- [SOURCE INFORMATION]:
== == ==
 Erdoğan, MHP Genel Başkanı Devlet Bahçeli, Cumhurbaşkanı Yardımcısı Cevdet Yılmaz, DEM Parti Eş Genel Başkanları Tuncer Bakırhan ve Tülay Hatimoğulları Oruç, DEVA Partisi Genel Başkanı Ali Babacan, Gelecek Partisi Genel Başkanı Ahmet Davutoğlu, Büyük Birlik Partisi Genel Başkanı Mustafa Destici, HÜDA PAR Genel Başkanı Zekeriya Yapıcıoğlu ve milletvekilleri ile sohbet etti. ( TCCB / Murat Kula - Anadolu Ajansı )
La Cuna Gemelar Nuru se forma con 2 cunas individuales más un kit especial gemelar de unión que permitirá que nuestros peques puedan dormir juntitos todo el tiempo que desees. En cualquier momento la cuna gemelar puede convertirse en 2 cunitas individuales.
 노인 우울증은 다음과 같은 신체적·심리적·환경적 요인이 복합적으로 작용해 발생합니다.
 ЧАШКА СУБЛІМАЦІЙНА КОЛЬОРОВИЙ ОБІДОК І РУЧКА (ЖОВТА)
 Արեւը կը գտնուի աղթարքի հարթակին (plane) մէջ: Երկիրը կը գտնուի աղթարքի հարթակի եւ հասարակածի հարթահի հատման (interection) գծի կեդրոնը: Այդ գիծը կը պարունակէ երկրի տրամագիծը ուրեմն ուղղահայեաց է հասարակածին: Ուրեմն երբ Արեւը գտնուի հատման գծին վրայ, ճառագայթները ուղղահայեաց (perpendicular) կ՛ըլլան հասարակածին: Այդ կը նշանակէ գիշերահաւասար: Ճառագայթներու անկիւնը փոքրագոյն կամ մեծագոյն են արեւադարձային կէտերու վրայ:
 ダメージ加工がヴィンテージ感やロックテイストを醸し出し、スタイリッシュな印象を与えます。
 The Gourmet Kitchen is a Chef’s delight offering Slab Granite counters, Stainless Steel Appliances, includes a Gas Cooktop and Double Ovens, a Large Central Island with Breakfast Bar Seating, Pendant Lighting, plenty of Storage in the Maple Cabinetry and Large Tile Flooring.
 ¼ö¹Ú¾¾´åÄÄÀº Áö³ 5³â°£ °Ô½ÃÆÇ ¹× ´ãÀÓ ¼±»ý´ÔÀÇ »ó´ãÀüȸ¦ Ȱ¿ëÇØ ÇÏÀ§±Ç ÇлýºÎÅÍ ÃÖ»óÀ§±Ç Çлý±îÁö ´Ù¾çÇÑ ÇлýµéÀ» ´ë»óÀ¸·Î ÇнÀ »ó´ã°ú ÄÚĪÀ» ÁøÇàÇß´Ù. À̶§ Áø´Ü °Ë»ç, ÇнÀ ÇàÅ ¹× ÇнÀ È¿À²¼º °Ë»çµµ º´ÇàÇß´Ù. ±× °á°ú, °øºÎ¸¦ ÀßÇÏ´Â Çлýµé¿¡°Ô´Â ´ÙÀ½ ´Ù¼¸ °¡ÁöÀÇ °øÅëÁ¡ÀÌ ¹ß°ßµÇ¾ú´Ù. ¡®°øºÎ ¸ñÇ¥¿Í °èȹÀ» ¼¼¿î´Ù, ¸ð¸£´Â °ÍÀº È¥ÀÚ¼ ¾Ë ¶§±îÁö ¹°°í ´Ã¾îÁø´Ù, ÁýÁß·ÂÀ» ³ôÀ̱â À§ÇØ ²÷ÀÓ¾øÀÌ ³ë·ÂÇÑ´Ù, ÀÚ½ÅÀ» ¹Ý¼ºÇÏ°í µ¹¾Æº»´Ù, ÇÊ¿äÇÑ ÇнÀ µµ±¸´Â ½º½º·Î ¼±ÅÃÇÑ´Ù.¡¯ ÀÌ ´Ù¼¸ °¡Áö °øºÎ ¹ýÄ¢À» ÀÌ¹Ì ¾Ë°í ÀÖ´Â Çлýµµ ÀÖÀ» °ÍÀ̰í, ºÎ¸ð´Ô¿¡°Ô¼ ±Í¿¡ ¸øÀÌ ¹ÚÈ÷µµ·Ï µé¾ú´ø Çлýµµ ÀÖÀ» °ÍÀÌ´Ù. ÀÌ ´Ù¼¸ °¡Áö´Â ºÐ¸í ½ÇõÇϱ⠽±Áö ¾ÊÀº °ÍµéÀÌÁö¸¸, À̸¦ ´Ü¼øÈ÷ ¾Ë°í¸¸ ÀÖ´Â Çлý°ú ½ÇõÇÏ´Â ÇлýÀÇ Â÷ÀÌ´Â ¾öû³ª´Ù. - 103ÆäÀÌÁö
== == ==
- [WHAT IS EXPECTED]: The lines to output run from the one containing "The Gourmet Kitchen" to the last line of the entries; give them back exactly.

- [THE COMPLETED TASK]:
 The Gourmet Kitchen is a Chef’s delight offering Slab Granite counters, Stainless Steel Appliances, includes a Gas Cooktop and Double Ovens, a Large Central Island with Breakfast Bar Seating, Pendant Lighting, plenty of Storage in the Maple Cabinetry and Large Tile Flooring.
 ¼ö¹Ú¾¾´åÄÄÀº Áö³ 5³â°£ °Ô½ÃÆÇ ¹× ´ãÀÓ ¼±»ý´ÔÀÇ »ó´ãÀüȸ¦ Ȱ¿ëÇØ ÇÏÀ§±Ç ÇлýºÎÅÍ ÃÖ»óÀ§±Ç Çлý±îÁö ´Ù¾çÇÑ ÇлýµéÀ» ´ë»óÀ¸·Î ÇнÀ »ó´ã°ú ÄÚĪÀ» ÁøÇàÇß´Ù. À̶§ Áø´Ü °Ë»ç, ÇнÀ ÇàÅ ¹× ÇнÀ È¿À²¼º °Ë»çµµ º´ÇàÇß´Ù. ±× °á°ú, °øºÎ¸¦ ÀßÇÏ´Â Çлýµé¿¡°Ô´Â ´ÙÀ½ ´Ù¼¸ °¡ÁöÀÇ °øÅëÁ¡ÀÌ ¹ß°ßµÇ¾ú´Ù. ¡®°øºÎ ¸ñÇ¥¿Í °èȹÀ» ¼¼¿î´Ù, ¸ð¸£´Â °ÍÀº È¥ÀÚ¼ ¾Ë ¶§±îÁö ¹°°í ´Ã¾îÁø´Ù, ÁýÁß·ÂÀ» ³ôÀ̱â À§ÇØ ²÷ÀÓ¾øÀÌ ³ë·ÂÇÑ´Ù, ÀÚ½ÅÀ» ¹Ý¼ºÇÏ°í µ¹¾Æº»´Ù, ÇÊ¿äÇÑ ÇнÀ µµ±¸´Â ½º½º·Î ¼±ÅÃÇÑ´Ù.¡¯ ÀÌ ´Ù¼¸ °¡Áö °øºÎ ¹ýÄ¢À» ÀÌ¹Ì ¾Ë°í ÀÖ´Â Çлýµµ ÀÖÀ» °ÍÀ̰í, ºÎ¸ð´Ô¿¡°Ô¼ ±Í¿¡ ¸øÀÌ ¹ÚÈ÷µµ·Ï µé¾ú´ø Çлýµµ ÀÖÀ» °ÍÀÌ´Ù. ÀÌ ´Ù¼¸ °¡Áö´Â ºÐ¸í ½ÇõÇϱ⠽±Áö ¾ÊÀº °ÍµéÀÌÁö¸¸, À̸¦ ´Ü¼øÈ÷ ¾Ë°í¸¸ ÀÖ´Â Çлý°ú ½ÇõÇÏ´Â ÇлýÀÇ Â÷ÀÌ´Â ¾öû³ª´Ù. - 103ÆäÀÌÁö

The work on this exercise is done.